__WHAT THE EXERCISE ASKS__
Everything in the records below must be repeated exactly, except the pictures.

__MATERIAL FOR THE TASK__
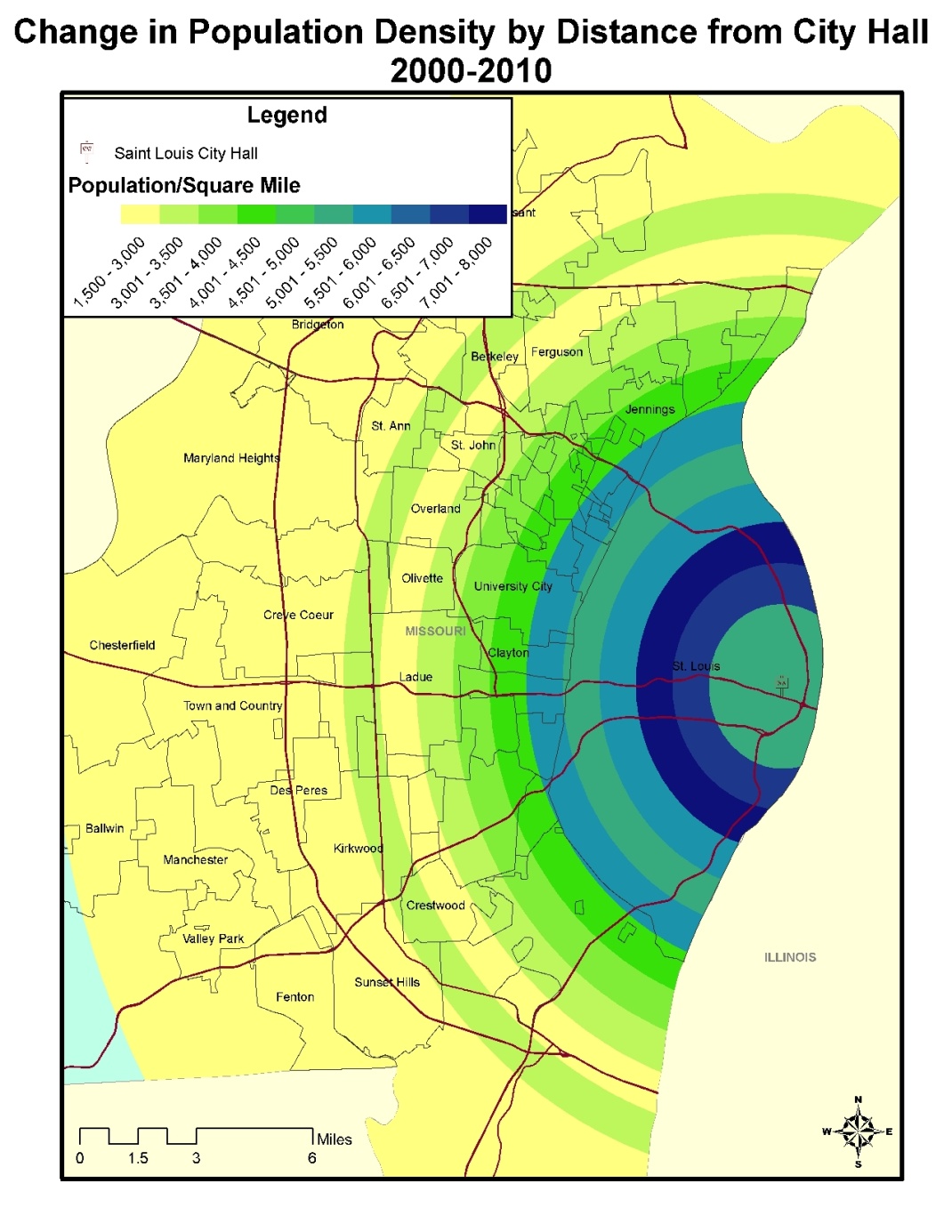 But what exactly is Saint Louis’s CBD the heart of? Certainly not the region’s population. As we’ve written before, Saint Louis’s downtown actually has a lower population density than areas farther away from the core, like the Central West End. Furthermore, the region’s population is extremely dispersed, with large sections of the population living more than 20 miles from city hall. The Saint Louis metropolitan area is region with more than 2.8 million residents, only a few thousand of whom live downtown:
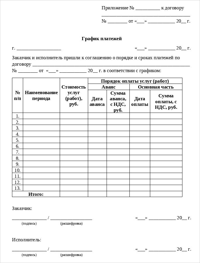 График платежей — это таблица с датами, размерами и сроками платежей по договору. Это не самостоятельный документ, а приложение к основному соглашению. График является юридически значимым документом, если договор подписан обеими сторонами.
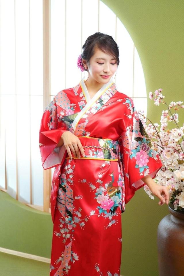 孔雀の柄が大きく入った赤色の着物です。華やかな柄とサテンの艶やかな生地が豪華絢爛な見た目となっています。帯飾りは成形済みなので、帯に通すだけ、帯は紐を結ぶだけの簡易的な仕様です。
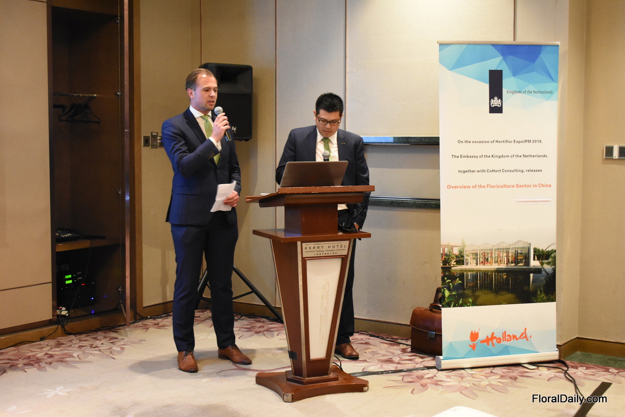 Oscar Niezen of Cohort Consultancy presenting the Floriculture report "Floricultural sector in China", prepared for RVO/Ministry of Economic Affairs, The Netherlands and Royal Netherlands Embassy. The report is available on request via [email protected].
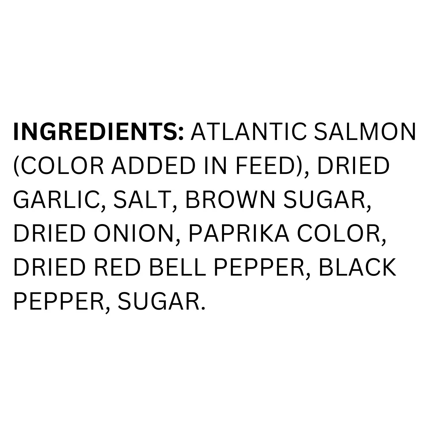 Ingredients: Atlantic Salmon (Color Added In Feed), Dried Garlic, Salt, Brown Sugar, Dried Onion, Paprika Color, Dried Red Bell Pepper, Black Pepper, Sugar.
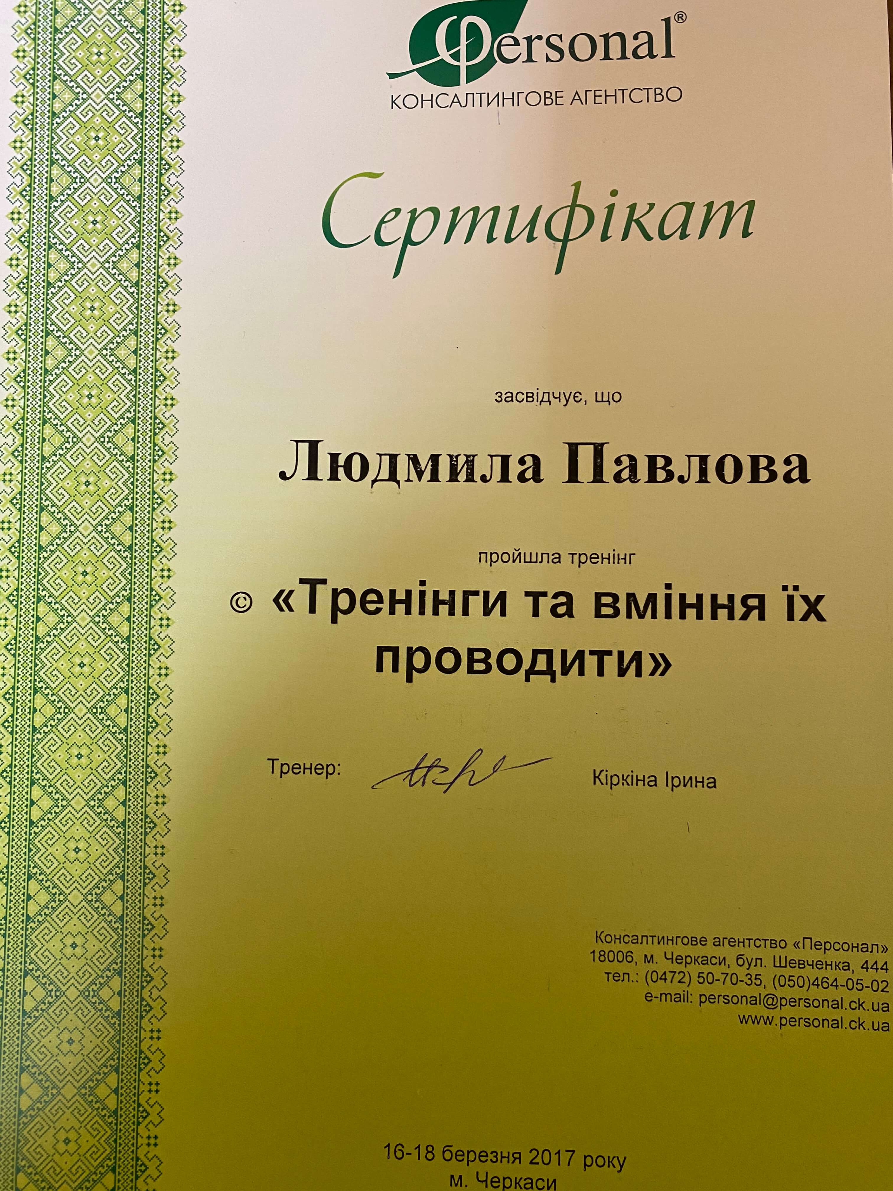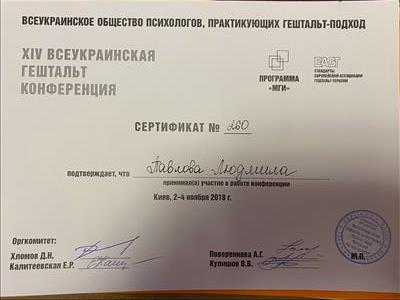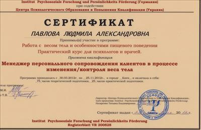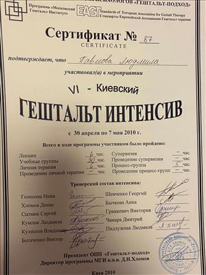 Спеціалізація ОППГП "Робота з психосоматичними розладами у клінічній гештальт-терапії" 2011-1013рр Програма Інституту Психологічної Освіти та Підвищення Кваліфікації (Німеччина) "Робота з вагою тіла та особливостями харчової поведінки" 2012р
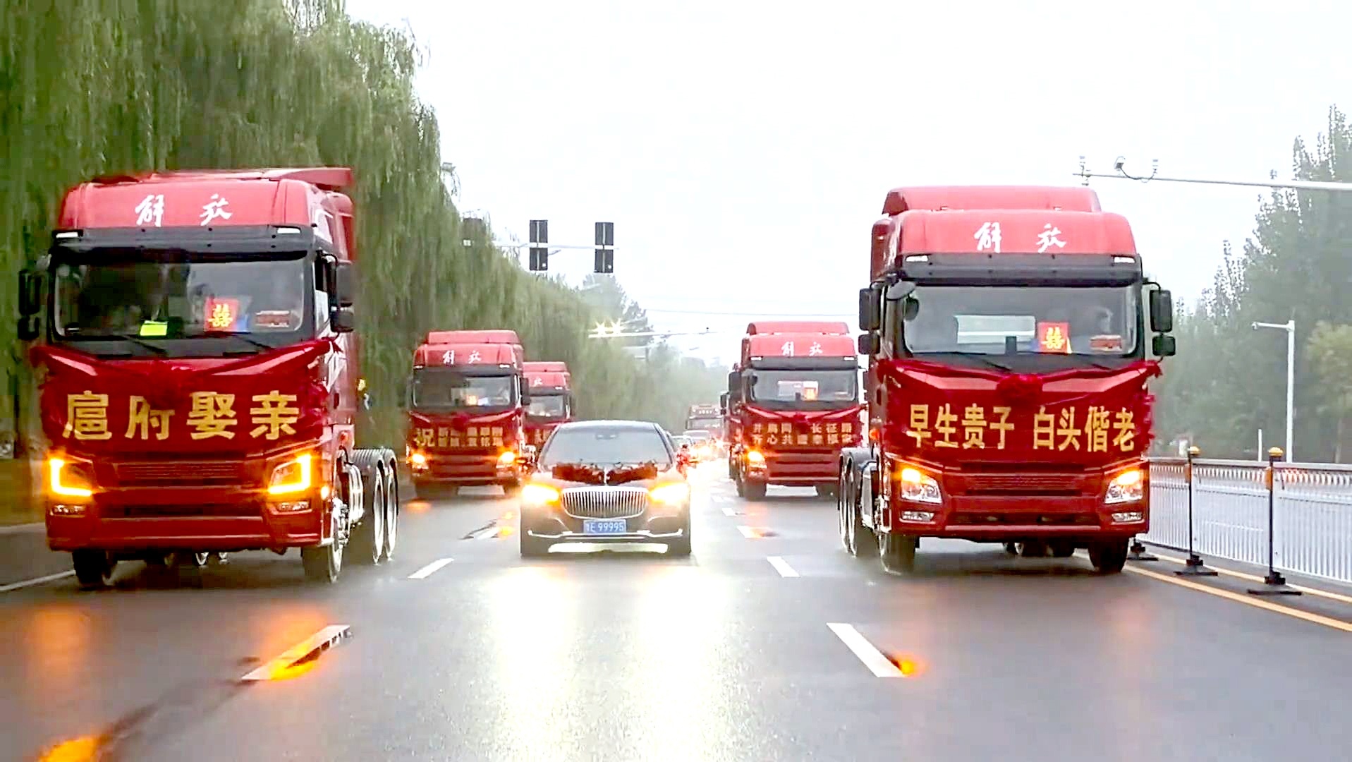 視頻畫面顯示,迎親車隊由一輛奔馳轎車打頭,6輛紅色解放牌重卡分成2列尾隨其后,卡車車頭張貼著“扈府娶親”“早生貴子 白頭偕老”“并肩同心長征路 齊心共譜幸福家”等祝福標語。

__REPLY TO THE EXERCISE__
 But what exactly is Saint Louis’s CBD the heart of? Certainly not the region’s population. As we’ve written before, Saint Louis’s downtown actually has a lower population density than areas farther away from the core, like the Central West End. Furthermore, the region’s population is extremely dispersed, with large sections of the population living more than 20 miles from city hall. The Saint Louis metropolitan area is region with more than 2.8 million residents, only a few thousand of whom live downtown:
 График платежей — это таблица с датами, размерами и сроками платежей по договору. Это не самостоятельный документ, а приложение к основному соглашению. График является юридически значимым документом, если договор подписан обеими сторонами.
 孔雀の柄が大きく入った赤色の着物です。華やかな柄とサテンの艶やかな生地が豪華絢爛な見た目となっています。帯飾りは成形済みなので、帯に通すだけ、帯は紐を結ぶだけの簡易的な仕様です。
 Oscar Niezen of Cohort Consultancy presenting the Floriculture report "Floricultural sector in China", prepared for RVO/Ministry of Economic Affairs, The Netherlands and Royal Netherlands Embassy. The report is available on request via [email protected].
 Ingredients: Atlantic Salmon (Color Added In Feed), Dried Garlic, Salt, Brown Sugar, Dried Onion, Paprika Color, Dried Red Bell Pepper, Black Pepper, Sugar.
 Спеціалізація ОППГП "Робота з психосоматичними розладами у клінічній гештальт-терапії" 2011-1013рр Програма Інституту Психологічної Освіти та Підвищення Кваліфікації (Німеччина) "Робота з вагою тіла та особливостями харчової поведінки" 2012р
 視頻畫面顯示,迎親車隊由一輛奔馳轎車打頭,6輛紅色解放牌重卡分成2列尾隨其后,卡車車頭張貼著“扈府娶親”“早生貴子 白頭偕老”“并肩同心長征路 齊心共譜幸福家”等祝福標語。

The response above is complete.